3. With normal workup, and without some weird spidey-sense of doom, I'll likely discharge home. Can't imaging admitting these patients with normal EKG (rather, unchanged from baseline), stable delta-trop, normal CBC and lactic acid, and normal physical exam. Talk to the Nephrologist first. Even places with poor specialty back up (like where I work), Nephrology is usually available for their patients. This isn't CYA, its making sure the doc know about their patient and is following up on them. Strict return precautions, of course.
 
I echo #3 talking to their nephrologist. They may say "they do this all the time, I'm not sure why someone sent them to the ED, I'll have someone call them tomorrow" or "wow this is weird, you should bring them in" both of which have a substantial affect on your likelihood ratios of badness. Follow both of these scenarios up by talking to the patient. If you tell them everything is negative, they might not be wanting to stay, and you can document the "upon shared decision making with the patient, and discussion of risks and alternatives, they chose to..." that looks good on the chart and is the best thing for them in the setting of "nothing wrong" as well as making the sale of things easier with hospitalist if they give you pushback - "they don't feel safe going home". They may end up being fine with going home, and "just came in to get checked out." While many/most of these patients are ticking time bombs, some of the folks that have been on dialysis a while have been through some stuff, and you couldn't kill if you tried.
 
1) discharge. we admit mostly for cardiac stuff. guessing its not a PE or blah blah that's causing their syncope. they got the pacemaker so fi they pass out again they're good to go.

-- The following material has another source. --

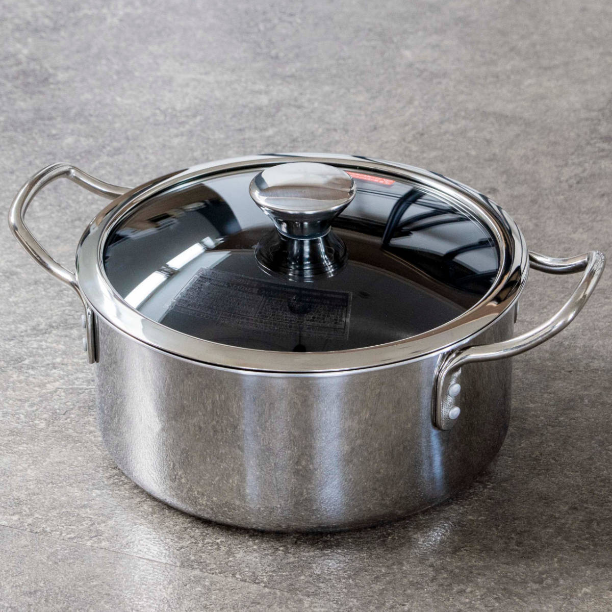 外側ステンレスと内側アルミニウムの2層構造で、ステンレスの保温性とアルミの熱伝導性のいいとこどりの鍋です。2つの金属を組み合わせるので少し重さがありますが、熱を均一に伝えられるので、お料理がおいしく仕上がります。

2) agre,e never seen an HCAP that looked great. no real good outpatinet abx to send home on.

3) long discussion with pt and nephrologist, to see tomorrow kinda thing.

good questions though.
Q
 
#2 -- An acute rehab patient may meet HCAP criteria by virtue of the fact that they live in acute rehab. Something to this effect is what you're talking about, right? If they look good and you feel comfortable sending them home, then you could imagine it's likely caused by a community acquired PNA bug and not a multi-drug resistant pathogen. In which case, levaquin or ceftriaxone + azithro depending on local sensitivities should be fine.